想了想,没忍住道:“不是说结束后才来的?”
“不想我见你同事?”
温良伸手握住她的手腕,边替她穿大衣,边低声。
季奚摇头,伸手抱了下他腰身,“对不起。”
“……”
温良轻蹙眉,稍顿,弯腰,直视她的眉眼,“你道什么歉。”
她松怔。
温良伸手,把人压到自己怀里,低声:“从学校过来的时候,我在想,我大概很不合格。”
“没有。”
她将脸埋在温良颈窝,闷声。
温良轻拍她后背,低哄道:“没送过你上班,也没接过你下班,没见过你的同事。”
闻言,季奚沉默几秒,须臾,她闷声:“你还是不要送我上班。
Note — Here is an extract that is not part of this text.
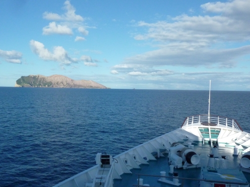 Aus den Fumarolen entweicht schwefeliger Dampf, den wir auf dem Schiff noch gut riechen können.

”
温良稍愣。
她继续,“你起床太早,我起不来……”
一句话,温良失笑。
季奚蹭了蹭他下颚,又说,“你是没送我上班接我下班,但你每天读书哄我睡觉。”
说着,她小声:“比起那些,我更喜欢这个。”
这话说得是真的,季奚习惯了睡前听他读书,他也习惯了睡前读书哄她睡觉。
最近季奚都是住在她自己那里,没去温良那儿。
温良因为自己回去太晚,怕季奚一个人待在他那儿不习惯,也没多说。
唯一固定的是,睡前都会跟她通话,哄她睡觉。
第二天起床时,电话才挂断。
所以,季奚倒觉得没什么,他给足了季奚在感情上的安全感。
闻言,温良低眸看她眼,嗯了声,亲了亲她耳垂,“回家好不好?”
季奚点头。
温良嗯了声,伸手包裹住她的手,两个人往外走。
车子驶向小区,季奚倚靠在副驾,目光灼灼地落在温良身上。
须臾,温良无奈低声:“奚奚,别这么看我。”
季奚疑惑。
他轻叹口气,低笑,“会想亲你。”
“你还在开车。”
季奚提醒他。
温良淡挑了下眉,看她眼。
“……”
季奚顿时懂了,默默收回目光,看向车窗外,弯唇小声:“你好好开车,我不看你。”
温良平静嗯了声。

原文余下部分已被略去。